Records to process:
━━━━

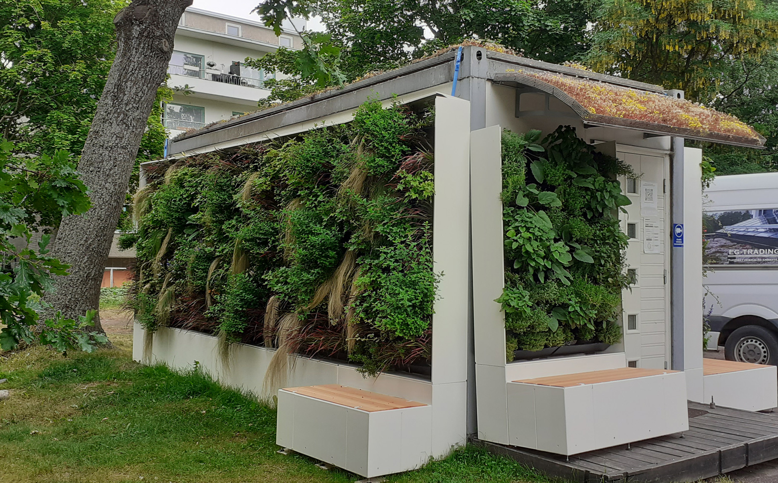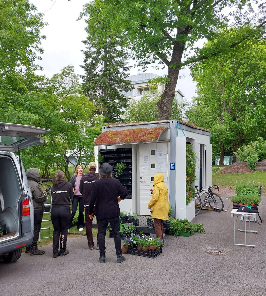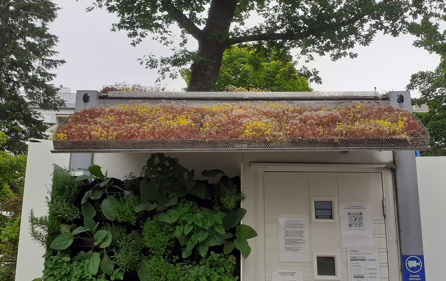 Helsingin Lauttasaaressa toteutettiin kokeilu, jossa yhteiskäyttöön tarkoitettu kontti maisemoitiin viherkatolla ja -seinillä. Viherkaton toimitti Eg-Trading Oy ja viherseinät Innogreen – Green House Effect Oy.
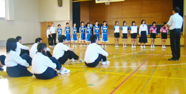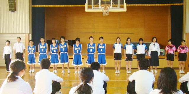明日6日、穴水で卓球の新人戦が行われます。20日は輪島でバスケットの新人戦が行われます。緊張する1,2年生に3年生全員で激励会を開催しました。温かなまなざしの中、体育館に応援歌が響き渡りました。
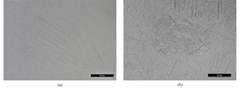 Speaking of morphology, also for titanium α’ martensite occurs in two variants, which can often coexist even in the same component, defined respectively as “lath martensite” and “plate martensite”, whose appearance under light microscope is shown in Figure 2 for Ti-6Al-4V alloy.
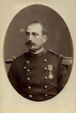 Marie Félicien René Martien Bernardy de Sigoyer Né le 29/8/1824 à Valence, cet officier sorti du rang a servi en Algérie, en Crimée et en Italie et a été blessé à deux reprises. Chef de bataillon à Thionville (photo ci contre), il a contribué à la défense de la Place lors du siège de 1870 et a de nouveau été blessé à deux reprises. Prisonnier, puis évadé, il est mis à la tête du 26e bataillon de chasseurs à pied en décembre 1870 et conduit cette troupe lors du second siège de Paris contre la Commune. Là, il se distingue lors des opérations militaires, mais surtout le 24 mai, en contribuant, par son initiative, à sauver le musée du Louvre des flammes de l'incendie allumé par les insurgés. Sa mort, deux jours plus tard, est relaté dans l'historique du 26e bataillon de chasseurs : "Le 26 mai, vers deux heures du matin le général Daguerre, commandant la brigade, fit appeler le commandant de Sigoyer, que l'on chercha vainement et que l'on ne put découvrir. On s'inquiéta, on fouilla les maisons voisines, on interrogea les soldats et les sentinelles. A minuit on avait vu le commandant se diriger seul vers la Bastille ; depuis lors il n'avait point reparu. A 9 heures, le corps du commandant de Sigoyer fut retrouvé près d'une maison incendiée entre le boulevard Beaumarchais et la rue Jean Beausire. Ce fut un cri de douleur parmi les hommes du bataillon qui adoraient leur commandant. Le commandant a dû être assassiné d'un coup de crosse de fusil, son cadavre est resté là même où il a été frappé ; les débris enflammés d'une maison l'ont couvert, lui ont carbonisé une partie du corps et l'ont mutilé de telle sorte que l'on a pu, jusqu'à un certain point, croire qu'un supplice atroce lui avait été infligé. Après avoir été tué, il fut dévalisé". Photo Roth (Thionville) |
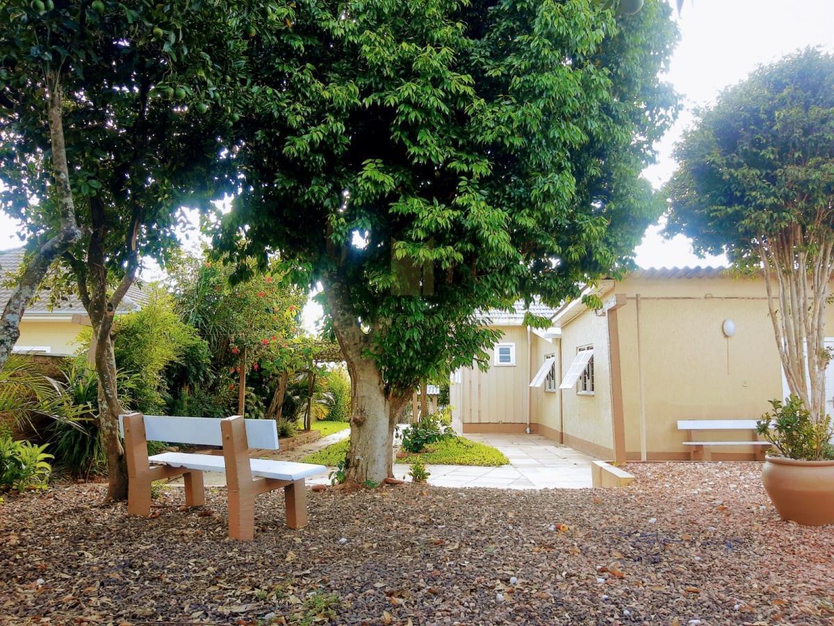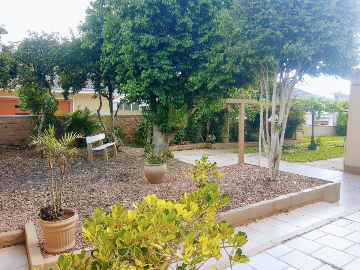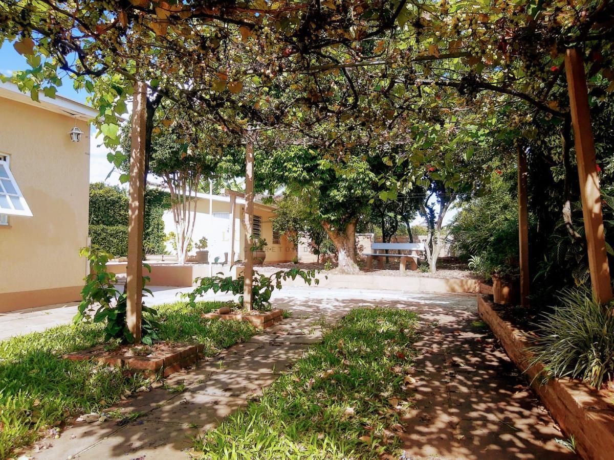 Belo pátio com parreiral de uvas, árvores frutíferas e jardim cuidado
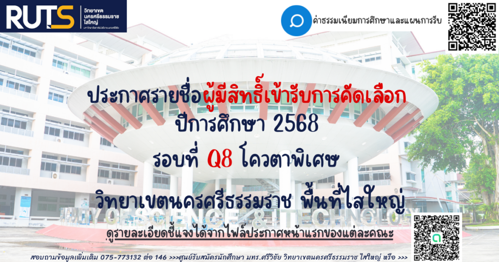 ประกาศรายชื่อ ผู้มีสิทธิ์เข้ารับการคัดเลือก ปีการศึกษา 2568 รอบที่ Q8 โควตาพิเศษ วิทยาเขตนครศรีธรรมราช พื้นที่ไสใหญ่เข้าสู่กระบวนการคัดเลือก โดยวิธีการสอบสัมภาษณ์แบบออนไลน์ ในวันที่ 10 มกราคม 2568 ให้นักศึกษาดูประกาศของคณะที่สมัคร ที่เอกสารแนบด้านล่าง อย่างละเอียด!
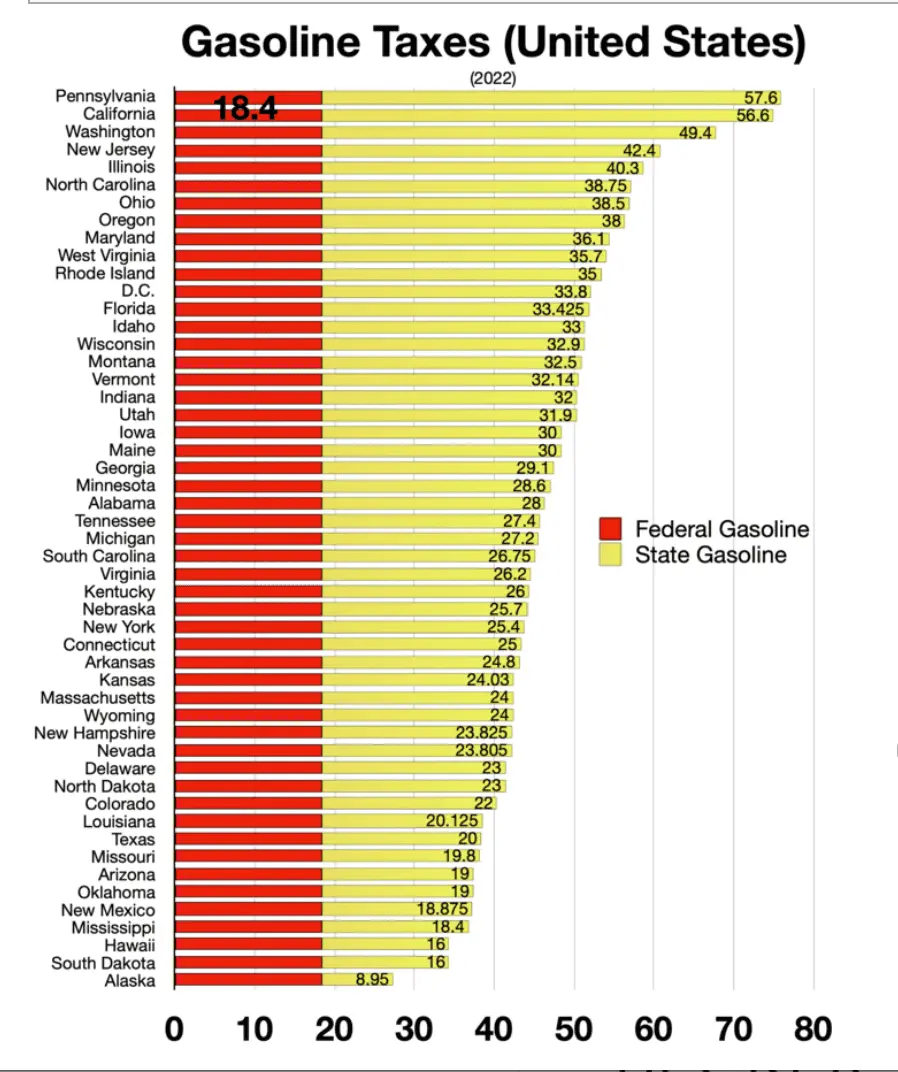 And state taxes the highest at 57.6 cents added in Pennsylvania to lowest Alaska 8.95 cents.![]()
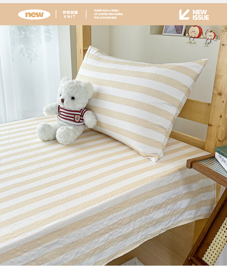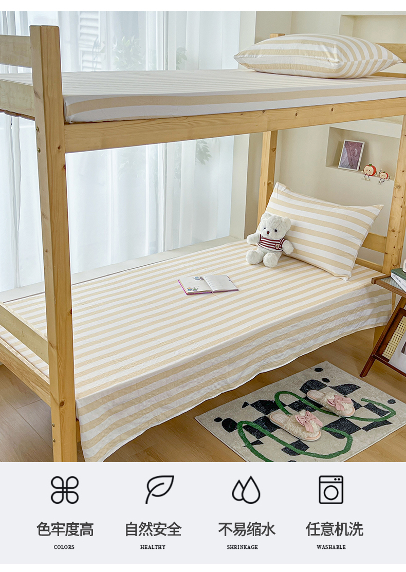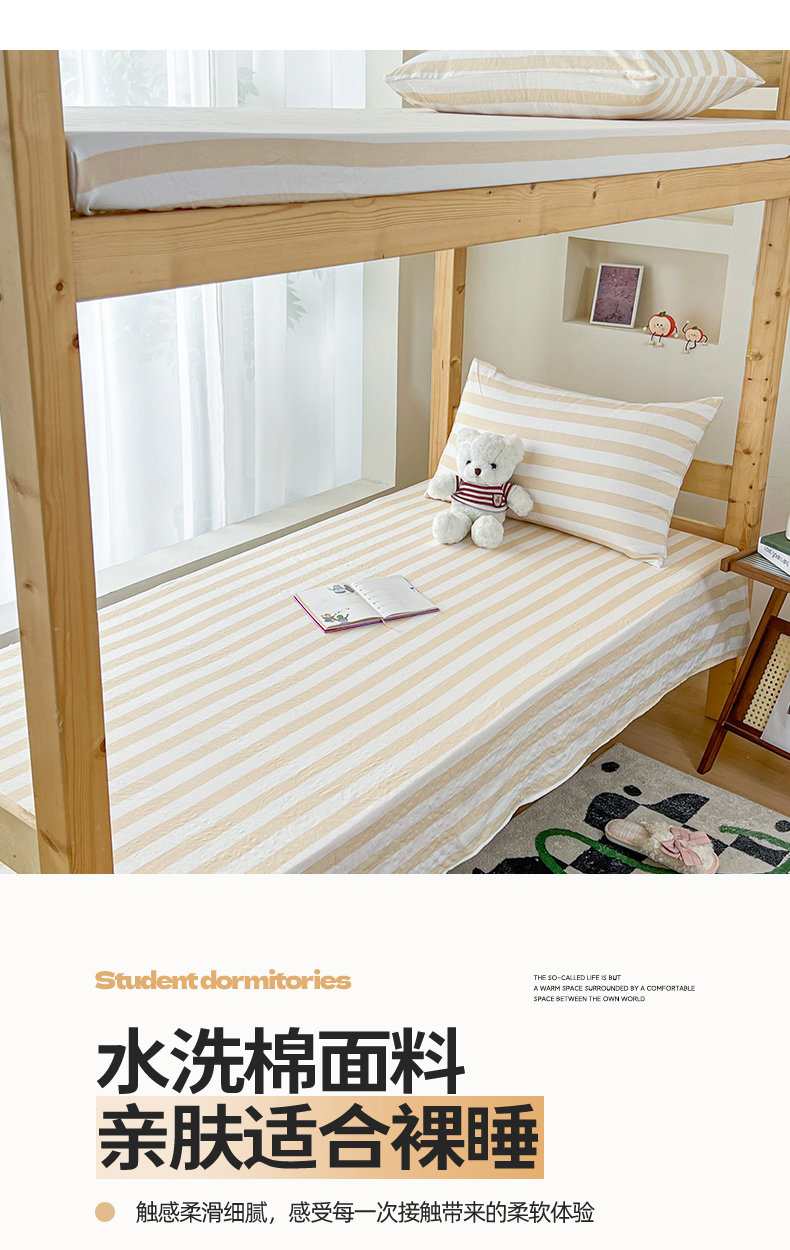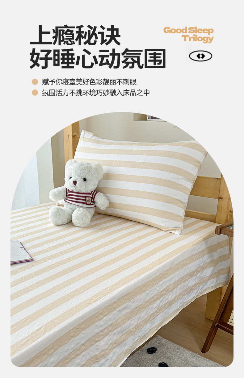 多品 2024新款水洗棉皱皱纱学生宿舍单床单 日系黄条

━━━━

Exercise objective:
The lines to set down run from the line with "明日6日、穴水で卓球の新人戦" up to and including the line with "Speaking of morphology, also" in the entries above. Reproduce them exactly, with no pictures.

Task solution:
明日6日、穴水で卓球の新人戦が行われます。20日は輪島でバスケットの新人戦が行われます。緊張する1,2年生に3年生全員で激励会を開催しました。温かなまなざしの中、体育館に応援歌が響き渡りました。
 Speaking of morphology, also for titanium α’ martensite occurs in two variants, which can often coexist even in the same component, defined respectively as “lath martensite” and “plate martensite”, whose appearance under light microscope is shown in Figure 2 for Ti-6Al-4V alloy.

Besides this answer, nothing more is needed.